As Santas Casas de Misericórdia são instituições que exemplificam a moral cristã lusitana em ação. Criada em 1498, em Lisboa, sob a tutela da família real portuguesa, a Santa Casa de Misericórdia refletiu um momento de modernização das organizações benemerentes do período medieval. Desde a Reforma Protestante e a Contrarreforma Católica, iniciou-se um movimento de reconceitualização da caridade. Questionou-se especialmente a definição do público-alvo das ações benemerentes, criando-se categorias de pobres merecedores e não merecedores. Além disso, buscou-se uma maior racionalização do uso dos recursos dessas instituições, o que resultou em uma maior burocratização da estrutura administrativa e na incorporação de autoridades civis na gestão dessas entidades (FRANCO, 2014; GANDELMAN, 2005). Desde a criação da Santa Casa de Lisboa, a coroa portuguesa concedeu um conjunto de incentivos, além da recomendação expressa do Rei às câmaras das cidades, com o objetivo de proliferar essa instituição no país. Como resultado, a organização se disseminou, tornando-se presente em boa parte do território português. Embora cada Santa Casa tivesse autonomia administrativa, havia influência do poder régio que direcionava para a padronização da atuação dessas organizações.

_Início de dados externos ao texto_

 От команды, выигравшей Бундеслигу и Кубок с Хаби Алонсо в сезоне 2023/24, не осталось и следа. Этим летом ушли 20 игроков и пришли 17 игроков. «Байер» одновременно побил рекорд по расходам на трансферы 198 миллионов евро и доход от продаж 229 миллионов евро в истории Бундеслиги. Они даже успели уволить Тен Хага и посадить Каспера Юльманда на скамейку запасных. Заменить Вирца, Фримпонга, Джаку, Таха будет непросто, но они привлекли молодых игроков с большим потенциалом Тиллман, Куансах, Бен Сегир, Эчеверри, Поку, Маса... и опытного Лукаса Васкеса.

As Misericórdias também tiveram um papel importante na expansão do império português, fato que foi fundamental para a importação da perspectiva lusitana de caridade para o Brasil. Assim como ocorria em Portugal, a Coroa era ativa na promoção dessas instituições em suas colônias, concedendo privilégios e incentivos fiscais. Boxer (1969, p. 282) coloca as Santas Casas ao lado das Câmaras Coloniais como integrantes do binômio de sustentação administrativa e cultural das colônias portuguesas.

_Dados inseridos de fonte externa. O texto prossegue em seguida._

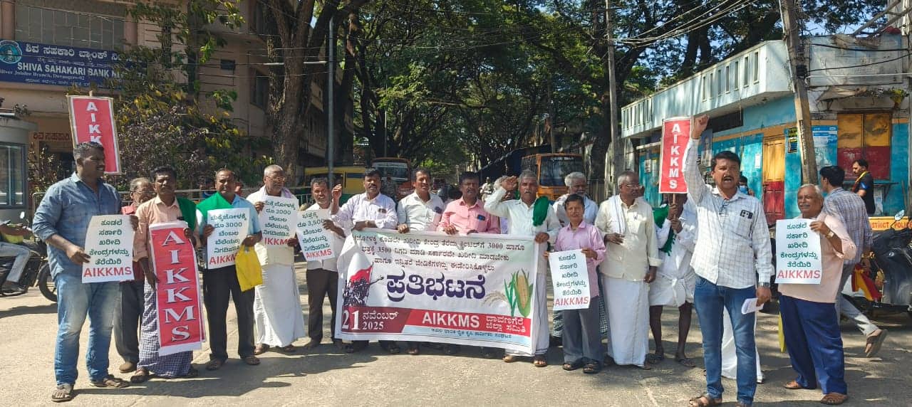 -21ಕೆಡಿವಿಜಿ1, 2:ಭತ್ತಕ್ಕೆ ₹3500, ಮೆಕ್ಕೆಜೋಳಕ್ಕೆ ₹3 ಸಾವಿರ ಬೆಂಬಲ ಬೆಲೆ ಘೋಷಿಸಿ, ಶೀಘ್ರ ಖರೀದಿ ಕೇಂದ್ರ ಸ್ಥಾಪಿಸಲ ಒತ್ತಾಯಿಸಿ ದಾವಣಗೆರೆಯಲ್ಲಿ ಶುಕ್ರವಾರ ಎಐಕೆಕೆಎಂಎಸ್ ನೇತೃತ್ವದಲ್ಲಿ ರೈತರು ಪ್ರತಿಭಟಿಸಿದರು.

De maneiras diferentes, a Câmara e a Misericórdia forneceram uma forma de representação e de refúgio para todas as classes da sociedade portuguesa. Um estudo destas duas instituições mostra que o bem que fizeram compensou de longe as ocasionais imperfeições de seus membros. As maneiras como o Conselho Municipal e a Santa Casa da Misericórdia se adaptaram a meios tão variados e exóticos desde o Brasil ao Japão, mantendo laços tão estreitos com a suas origens medievais europeias, exemplifica bem o conservantismo, a capacidade de recuperação e a tenacidade dos Portugueses no ultramar.

No Brasil, as primeiras Misericórdias foram fundadas em Olinda (1539) e em Santos (1545). Ao final do século XVI, haviam sido fundadas sete instituições. No século XVII foram criadas mais duas Santas Casas. No decorrer do domínio português, o número de Misericórdias foi sendo elevado paulatinamente, chegando a 25 em 1822 – ano da independência brasileira. A ruptura com a metrópole portuguesa não foi acompanhada de uma transformação na concepção filantrópica de ajuda aos pobres. O padrão português consolidado pelas Misericórdias foi mantido durante o período imperial, o que difere do ocorrido em países vizinhos de colonização espanhola, como a Argentina e o Uruguai, em que as instituições assistenciais foram reformadas a partir das dinâmicas da política local (TOMASCHEWSKI, 2007). No Brasil, o modelo das Misericórdias foi fortalecido, consolidando-se como o principal canal de acesso à assistência médica e material por parte dos mais necessitados. A importância que o governo imperial conferia às Santas Casas era tanta que outras instituições de caridade buscaram adquirir o status de Misericórdia para usufruir das benesses ofertadas pelo Estado (TOMASCHEWSKI, 2007).